§ **RECORDED DATA**:

☆ ☆ ☆

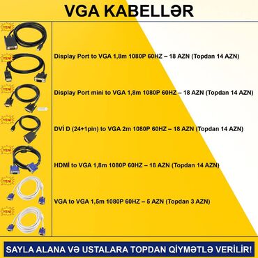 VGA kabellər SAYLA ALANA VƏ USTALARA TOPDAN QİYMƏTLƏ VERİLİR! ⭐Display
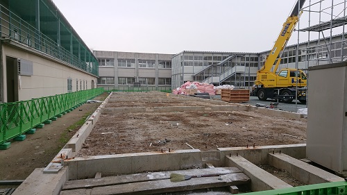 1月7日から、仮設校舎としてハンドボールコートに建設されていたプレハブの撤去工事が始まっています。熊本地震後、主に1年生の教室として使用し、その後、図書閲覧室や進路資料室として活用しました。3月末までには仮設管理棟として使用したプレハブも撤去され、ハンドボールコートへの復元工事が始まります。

☆ ☆ ☆

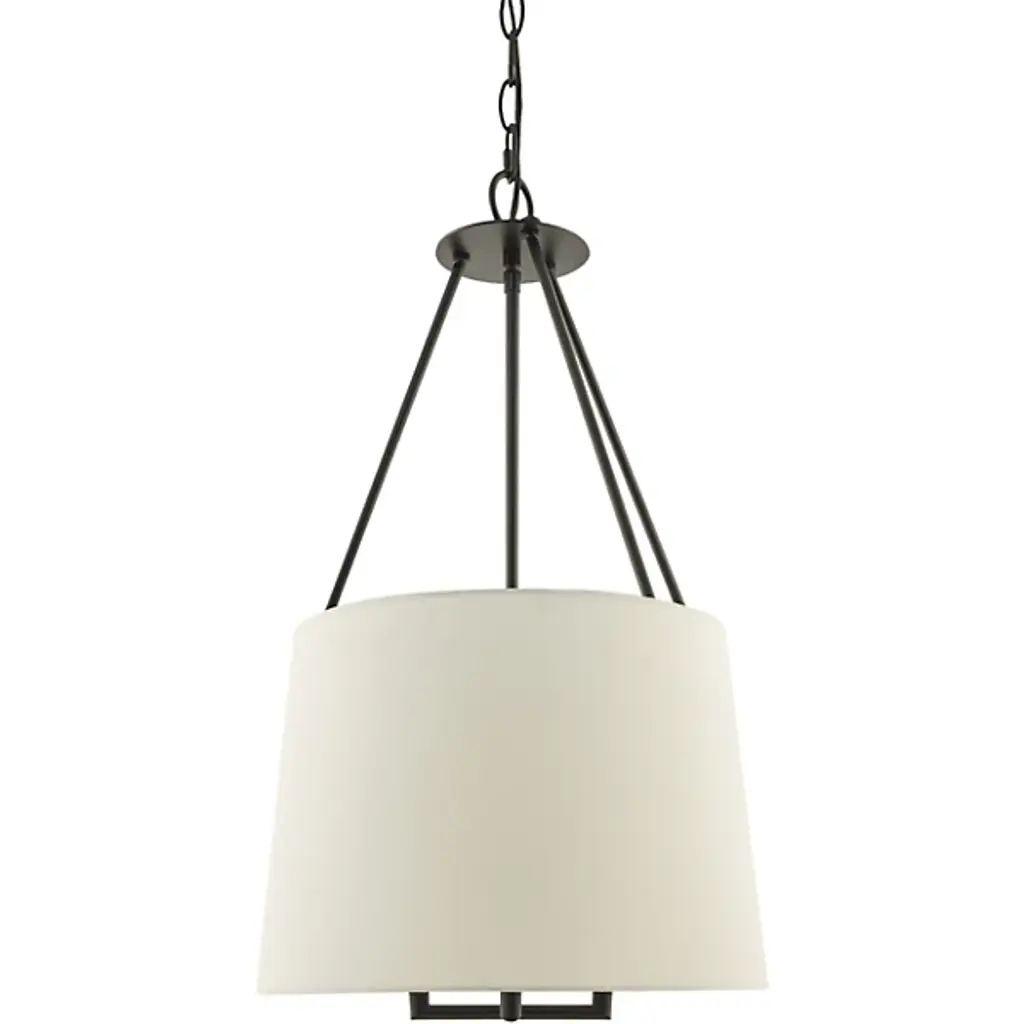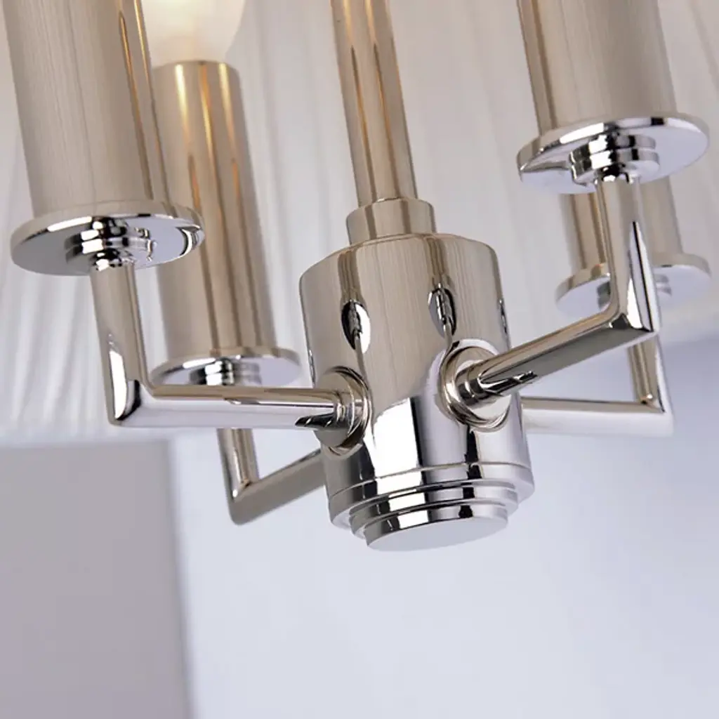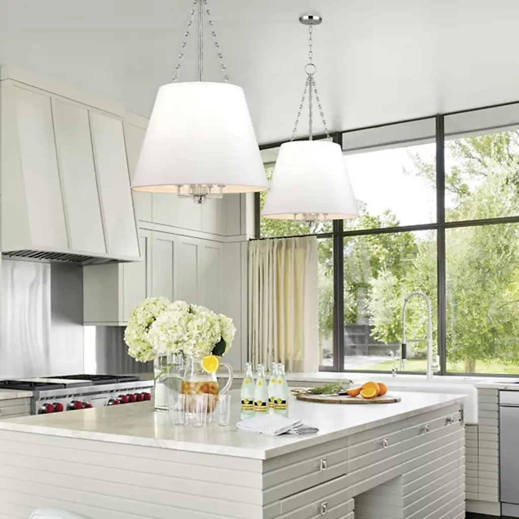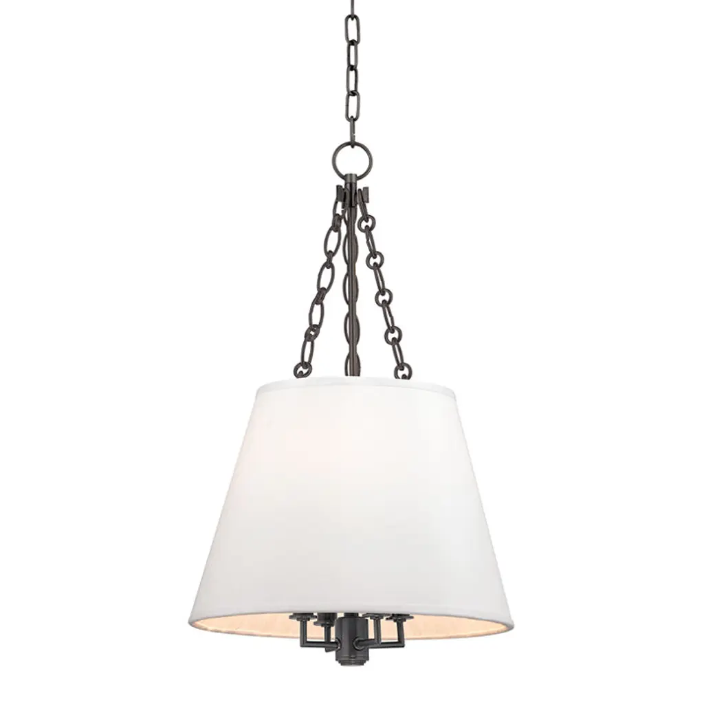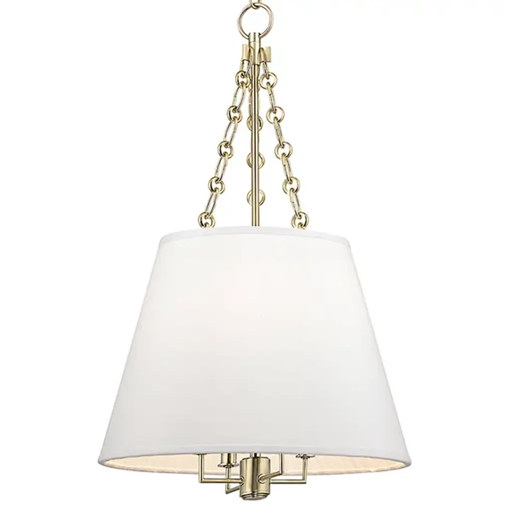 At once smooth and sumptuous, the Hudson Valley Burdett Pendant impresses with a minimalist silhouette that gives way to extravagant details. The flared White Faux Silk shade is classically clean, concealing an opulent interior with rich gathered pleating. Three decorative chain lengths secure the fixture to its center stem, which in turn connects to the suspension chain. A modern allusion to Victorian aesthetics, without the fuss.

☆ ☆ ☆

§ **TASK BRIEF**: Exact copy, pictures excluded: from the line with "VGA kabellər SAYLA" up to and including the line with "1月7日から、仮設校舎として" in the data above.

§ **EXPECTED OUTPUT**:
 VGA kabellər SAYLA ALANA VƏ USTALARA TOPDAN QİYMƏTLƏ VERİLİR! ⭐Display
 1月7日から、仮設校舎としてハンドボールコートに建設されていたプレハブの撤去工事が始まっています。熊本地震後、主に1年生の教室として使用し、その後、図書閲覧室や進路資料室として活用しました。3月末までには仮設管理棟として使用したプレハブも撤去され、ハンドボールコートへの復元工事が始まります。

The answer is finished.